Gov. John Baldacci has pushed to consolidate state departments and agencies, local school districts and jails and prisons. He is not likely to tackle the daunting task of nudging local police departments to merge. But county and municipal officials would be smart to look at achieving efficiencies in law enforcement to save money for the state, counties and municipalities.

An analysis of Knox County by County Commissoner Anne Beebe-Center in 2003 showed that 54 full-time law enforcement officers — 39 serving in local police departments and 15 with the Sheriff’s Department — served the county. By pooling resources to create a countywide force, she argued, specialty positions could be created and assigned to combat such regional problems as drugs, domestic violence and child abuse. Similar conclusions could be drawn in other counties.

Mergers of emergency dispatch services have worked out well, and the gloomy predictions of dispatchers not knowing street names in certain towns have not come to pass.

Mergers of police departments would not come as easily, and may result in a reduction in the quality of service for some communities. But the inefficiency of adjacent small towns paying for individual law enforcement costs — cruisers, buildings, chiefs, etc. — cannot be ignored.

An even bolder step is to study the role the Maine State Police might have in a more comprehensive approach to law enforcement. As it now stands, the state police often handle complaints on a fairly arbitrary basis; if someone calls state police dispatch, a trooper will likely respond. If the same complainant called the local sheriff’s department, a deputy would be dispatched.

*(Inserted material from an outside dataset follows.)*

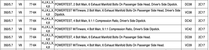 It's crank, rods, & pistons, plus rings & bearings, that turn a .030" over 350 block into a 383. 350 stroke is 3.48"; increase it to 3.75", and bore the block out .030" (which has almost certainly already been done to that old truck turd, if not .060", in which case the block is now GARBAGE), it becomes a 383. Back in the day, we all used to do that with a stock 400 crank with the mains turned down to the 350 diameter, stock 400 rods, and stock 350 (or the appropriate overbore) pistons. Butt nowadays they make cranks with all the right dimensions to begin with, and purpose-built pistons that allow longer rods, which overcomes one of the weeeeeeeknesses of the stock 400, namely its shorter rods. And if you're tearing down a 350, and most especially if it turns out that it was built with crap rebuilder dished pistons like a truck mule most likely would have been, might as well increase the CID, and consequently the torque, by 10%, while you're at it.

A single, statewide law enforcement agency would not be accepted by Mainers who cherish local control. And such a large institution might not serve the people as well. But a middle ground may emerge through the strategy Milo is investigating, under which the town would contract with the county for three deputies who would live in the town or nearby. The Knox County island community of Vinalhaven has such an arrangement with Knox County, although it has been a source of conflict between municipal and county officials, with each believing they are giving more than the other.

Maine continues to be one of the safest states in the country, and that is attributable in large part to community-based law enforcement, which has been in effect long before that term was coined. But new economic and demographic realities mean fresh approaches to law enforcement must be considered.